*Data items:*
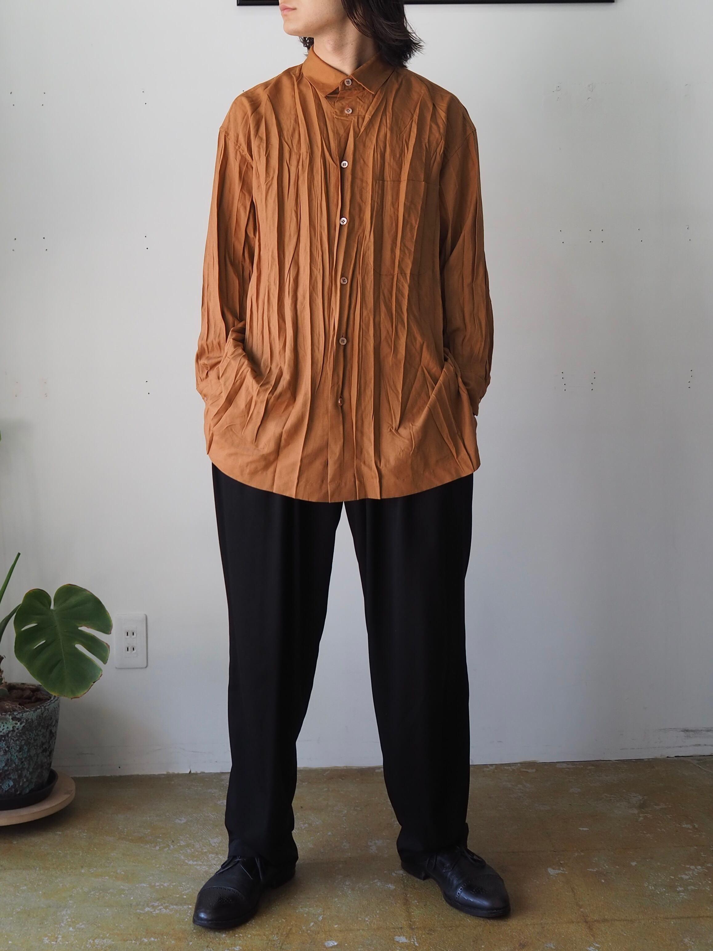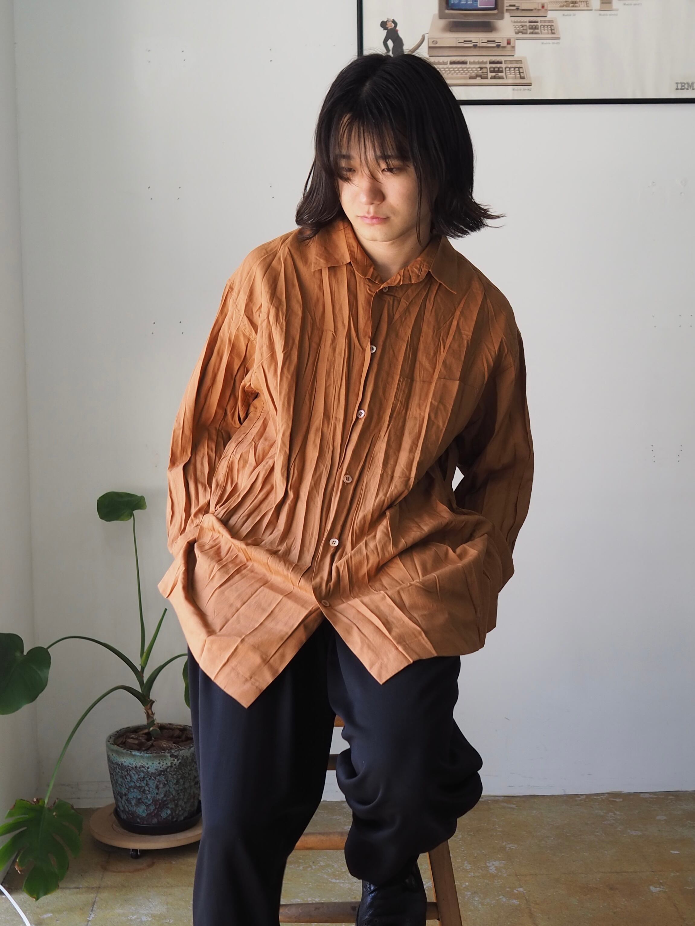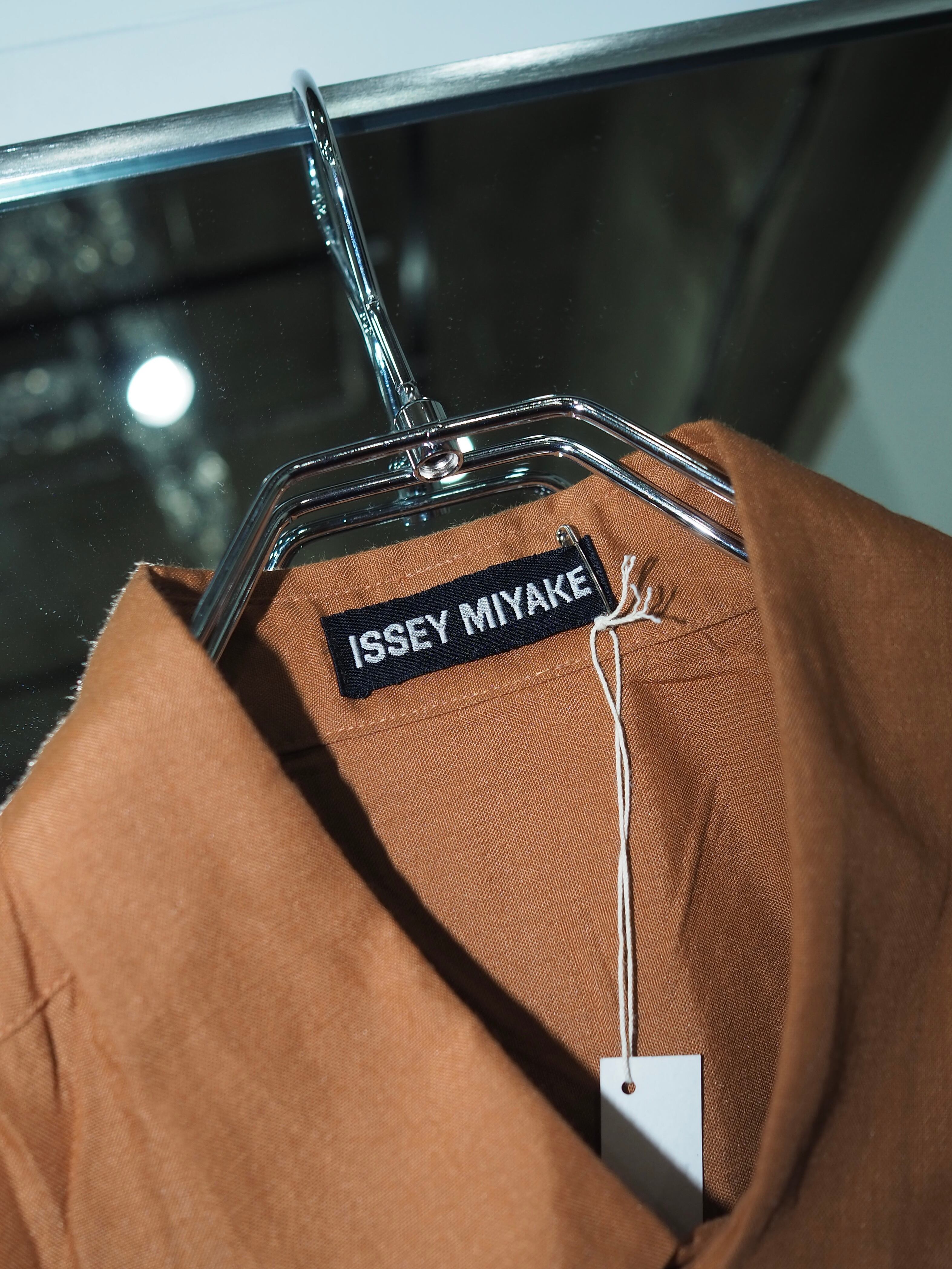 イッセイミヤケらしいシワ加工が施されたシャツ。
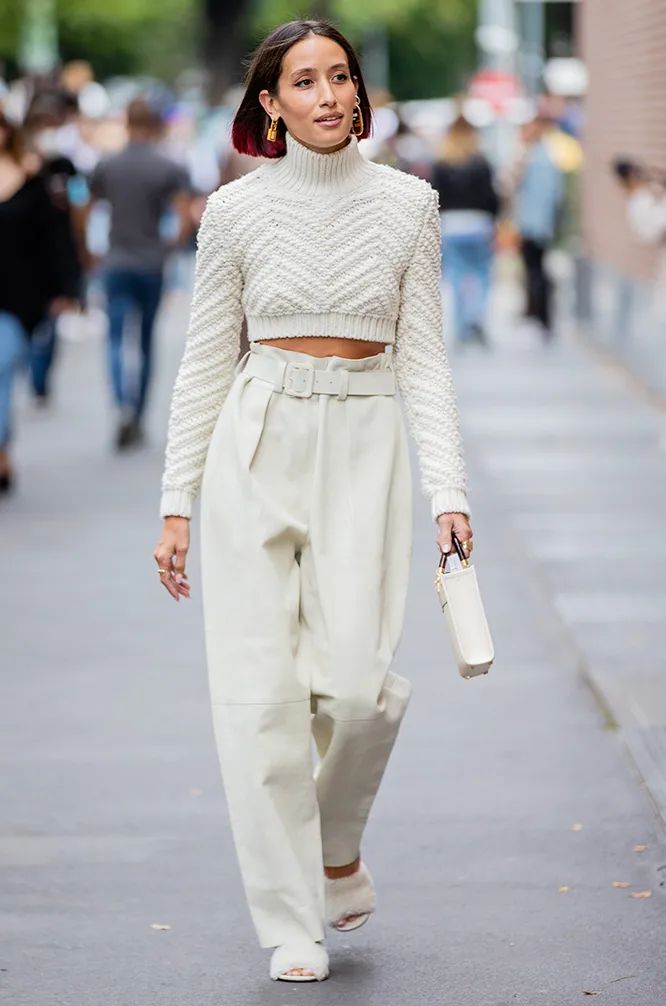 Aceasta combinatie va face silueta si mai slaba si mai expresiva. Un pulover decupat accentueaza talia, in timp ce pantalonii cu talie inalta alungesc picioarele.
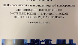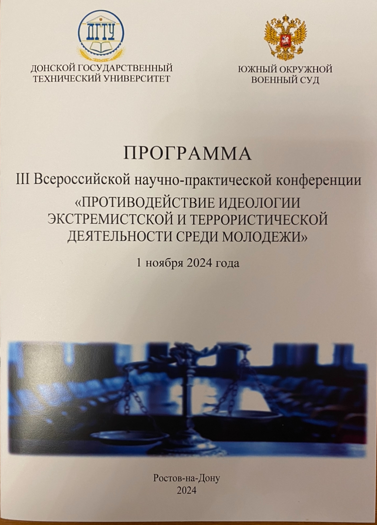 1 ноября 2024 года доцент кафедры «Административное право и уголовно-правовые дисциплины» Миллерова Елена Александровна приняла участие в III Всероссийской научно-практической конференции «Противодействие идеологии экстремистской и террористической деятельности среди молодежи», состоявшейся в Южном окружном военном суде.
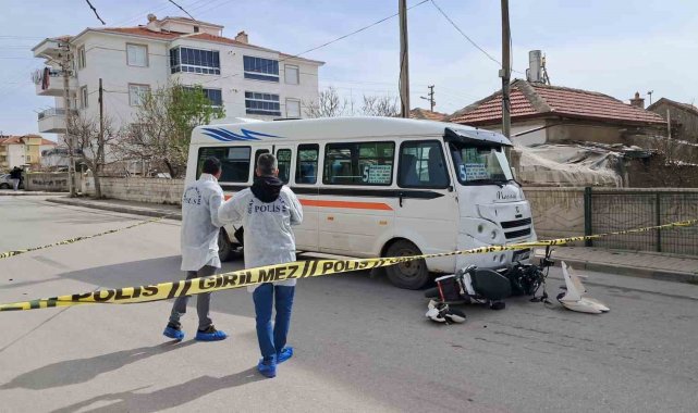 Karaman'da yolcu minibüsünün çarptıktan sonra altına alarak sürüklediği elektrikli bisikletteki 2 çocuk ağır yaralandı. Kaza anları kameraya yansıdı.
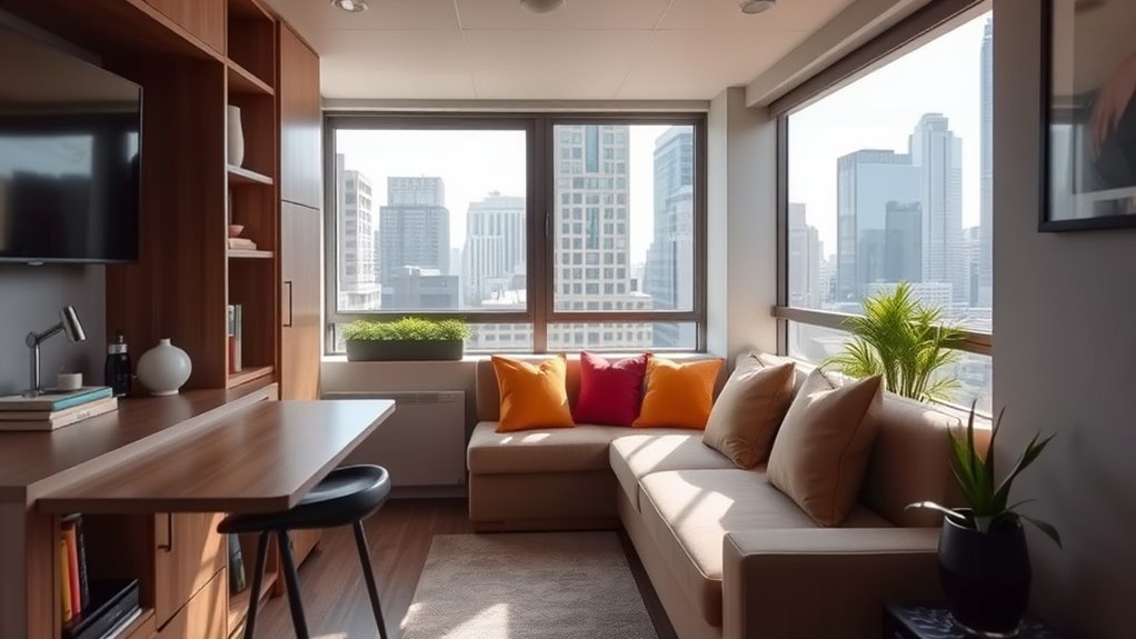 Living tiny is like fitting a whole universe into a cozy box—you gain freedom, simplicity, and a brighter outlook. Just ask Sarah, who downsized her apartment and found more time for passions and friends. Studies show that tiny home dwellers often report higher happiness and lower stress. So, embrace the challenge, design smartly, and discover that less truly is more. Your perfect city sanctuary awaits, one clever square foot at a time.
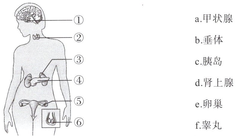 3. 人体主要的内分泌腺(将图中序号代表的内分泌腺与其名称连线)
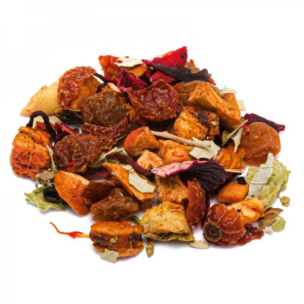 Riscaldante e deliziosa, la miscela dona un'importante aggiunta di benefici per il nostro organismo. Assumendo questo infuso si ottengono diverse virtù dei frutti tra uva, mela, cinorrodo, e componenti vegetali salutari come ibisco, foglie di mora e fiori di cartamo. La miscela rappresenta per il corpo un trattamento di benessere grazie all'abbondanza di ibisco e rosa canina, che la rendono una tisana ringiovanente. Contiene numerosi principi attivi, fra cui le vitamine A e C, per il benessere della pelle e per contribuire a rafforzare le difese immunitarie.
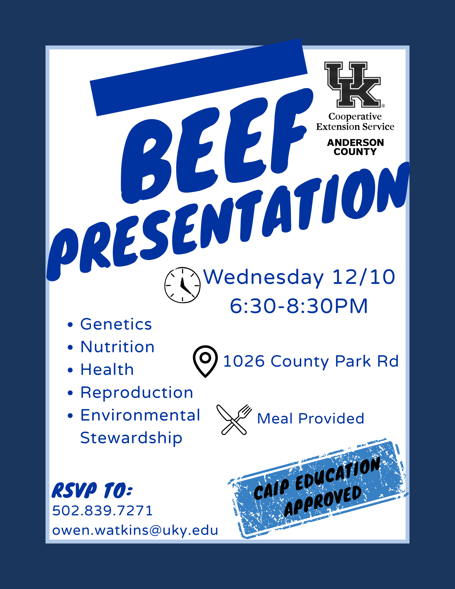 Find helpful information about the Kentucky Cattlemen's Association and learn how to be a part of your local Anderson County Cattlemen's Association.

*What this task involves:* Leaving out the images, return the entries above exactly as they read.

*Your solution:*
 イッセイミヤケらしいシワ加工が施されたシャツ。
 Aceasta combinatie va face silueta si mai slaba si mai expresiva. Un pulover decupat accentueaza talia, in timp ce pantalonii cu talie inalta alungesc picioarele.
 1 ноября 2024 года доцент кафедры «Административное право и уголовно-правовые дисциплины» Миллерова Елена Александровна приняла участие в III Всероссийской научно-практической конференции «Противодействие идеологии экстремистской и террористической деятельности среди молодежи», состоявшейся в Южном окружном военном суде.
 Karaman'da yolcu minibüsünün çarptıktan sonra altına alarak sürüklediği elektrikli bisikletteki 2 çocuk ağır yaralandı. Kaza anları kameraya yansıdı.
 Living tiny is like fitting a whole universe into a cozy box—you gain freedom, simplicity, and a brighter outlook. Just ask Sarah, who downsized her apartment and found more time for passions and friends. Studies show that tiny home dwellers often report higher happiness and lower stress. So, embrace the challenge, design smartly, and discover that less truly is more. Your perfect city sanctuary awaits, one clever square foot at a time.
 3. 人体主要的内分泌腺(将图中序号代表的内分泌腺与其名称连线)
 Riscaldante e deliziosa, la miscela dona un'importante aggiunta di benefici per il nostro organismo. Assumendo questo infuso si ottengono diverse virtù dei frutti tra uva, mela, cinorrodo, e componenti vegetali salutari come ibisco, foglie di mora e fiori di cartamo. La miscela rappresenta per il corpo un trattamento di benessere grazie all'abbondanza di ibisco e rosa canina, che la rendono una tisana ringiovanente. Contiene numerosi principi attivi, fra cui le vitamine A e C, per il benessere della pelle e per contribuire a rafforzare le difese immunitarie.
 Find helpful information about the Kentucky Cattlemen's Association and learn how to be a part of your local Anderson County Cattlemen's Association.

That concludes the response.